"Compliance" is a song by British rock band Muse. It was released as a single on 17 March 2022 as the second single from Will of the People, their ninth studio album.

Release 
"Compliance" was announced through Muse's social media channels on 11 March 2022, alongside a cryptic short video featuring a quote which explains the backstory of the song, which read as follows:

Additional social media posts were published on 16 March, the day before the release of "Compliance", confirming that both "Compliance" and previously released single "Won't Stand Down" will feature on Muse's upcoming ninth studio album, Will of the People.

Writing and composition
Lyrically, "Compliance" is an anti-establishment protest song, in common with previous Muse songs such as "Uprising". It features themes of oppression of the people, delivered from the perspective of the oppressor; lyrics such as "we have what you need, just reach out and touch" and "you will feel no pain any more" are an attempt to gaslight the population into accepting their oppressed state as being better than any alternative scenario. "Compliance" was released less than a month after the commencement of the 2022 Russian invasion of Ukraine, and the lyrics highlight the plight of the Ukrainian people by exposing Russia's perspective of the conflict; songwriter Matt Bellamy stated that, among other themes, the song references "new wars in Europe".

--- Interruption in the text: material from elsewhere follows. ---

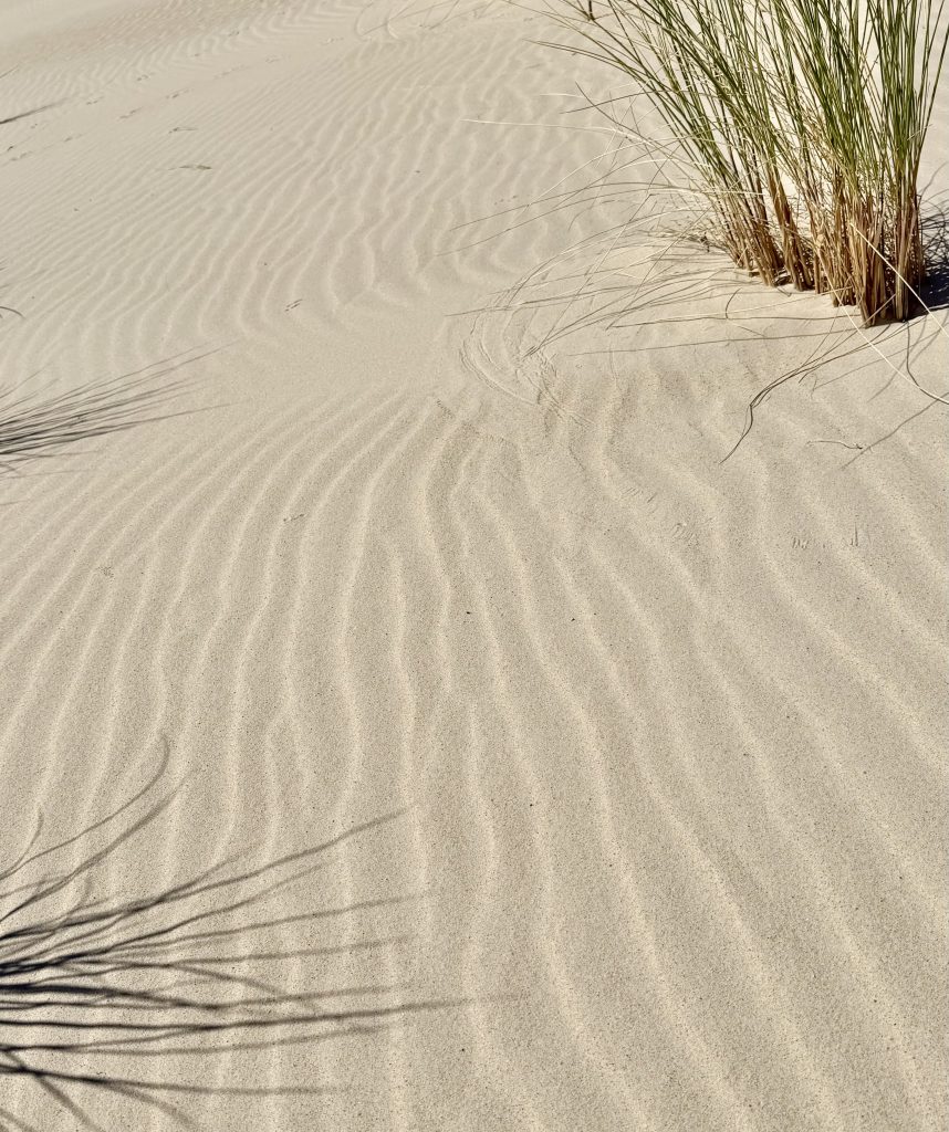 Auch die Gräser hinterlassen ihre Spuren im welligen Sand.

Musically, "Compliance" was described by Mike DeWald of Riff as a "melodic alt-pop rocker", while Ludovic Hunter-Tilney of Financial Times labeled the song as synth-pop. Muse lead singer Matt Bellamy said he thought the song was "the best pop track we've ever done".

Music video
The music video for "Compliance", directed by Jeremi Durand and shot in Poland, was released with the single on 17 March. The video features references to 2012 film Looper; three masked children, wearing masks resembling the band members, travel to a dystopian future in an attempt to destroy it and save their future selves. Much of the video is shot in reversed slow-motion. The music video shares a common theme with "Won't Stand Down", commencing with the same metallic masked figure who appeared in the music video for this single.

Live performances
"Compliance" made its live debut at a special invitation-only concert at the Cavern Club in Exeter, not far from the band's home town of Teignmouth, held on 7 April 2022. In contrast to the studio recording, it is usually played in a heavier, guitar-based version.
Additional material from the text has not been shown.